Portland Mayor Tim Wheeler has pledged to increase the number of police officers walking the beat and to hire more park rangers to patrol city parks. He has also enhanced the city’s Clean and Safe efforts to eliminate trash, biohazards and drug needles, expanding neighborhood graffiti abatement programs, and starting a program to get hazardous and abandoned RVs off its roads. Homelessness is a delicate subject in the city. In his recent radio interview, Boyle mentioned how he never used the word. Portlanders prefer to call it “houselessness.”

Sandra McDonough, president and ceo of the Portland Business Alliance, said in a statement to WWD Monday that holiday activity downtown has been very strong, events have been well attended, retailers report positive sales and early analysis of annual pedestrian counts show that holiday visitors downtown have increased.
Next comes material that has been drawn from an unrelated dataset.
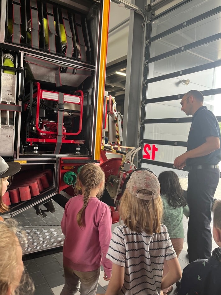 Mit dem Besuch der angehenden Grundschülerinnen und Grundschüler des katholischen Kindergartens Alpen, des Waldkindergartens Alpen sowie des katholischen Kindergartens Bönninghardt endete in diesen Tagen die diesjährige Reihe der Brandschutzerziehungen. Wie immer wurden ausreichend spannende und kreative Fragen aus den Reihen der jungen Besucher gestellt. Vermittelt wurden theoretische Punkte wie „Wer ist eigentlich die Feuerwehr Alpen?“ oder „Wie kann ich eigentlich als sehr junger Mensch schon helfen und den Notruf wählen?“. Der etwa zweistündige Besuch der jeweiligen Vorschulkinder endete mit einem Rundgang durch das Gerätehaus der Einheit Alpen. Im Fokus der Kinder waren obligatorisch die persönliche Schutzausrüstung und natürlich die Fahrzeuge.

“We’re encouraged that Mayor Wheeler is implementing additional tools to address livability issues downtown and in neighborhoods, including expanded police walking patrols. We have gotten positive feedback from retailers and customers about the visibility of these additional police patrols,” she said. “While our downtown surveys show that most workers and residents feel safe, over the past few years there have been growing concerns expressed about livability challenges that impact the experiences of many. We appreciate the efforts of Mayor Wheeler to address the livability challenges so that community standards are upheld and Portland feels safe and inviting to everyone, especially during the holiday season.”

Portland’s Resistance, the activist group that organized the recent protests, has opted not to take its message to social media since that could potentially result in Columbia closing its store and employees might not get paid, said cofounder Gregory McKelvey. Shoppers were given literature that addressed “how the owner was basically helping to criminalize houselessness in our community,” he said. “Pushing people out of sight and out of mind doesn’t provide an incentive for people with power to solve the housing crisis that we have in our city. We also don’t think we should be criminalizing anything houseless people need to do to survive. Policing is not a solution to livability issues. We need to deal with homelessness with compassion. That means increasing mental health services and addiction services. We also need to provide solutions to our housing crisis such as rent-controlled and rent-stabilization solutions.”

While Boyle has called for a wider discussion among business leaders and city officials to help find a solution, Portland’s Resistance is not calling for a boycott of Columbia brands at this time, McKelvey said.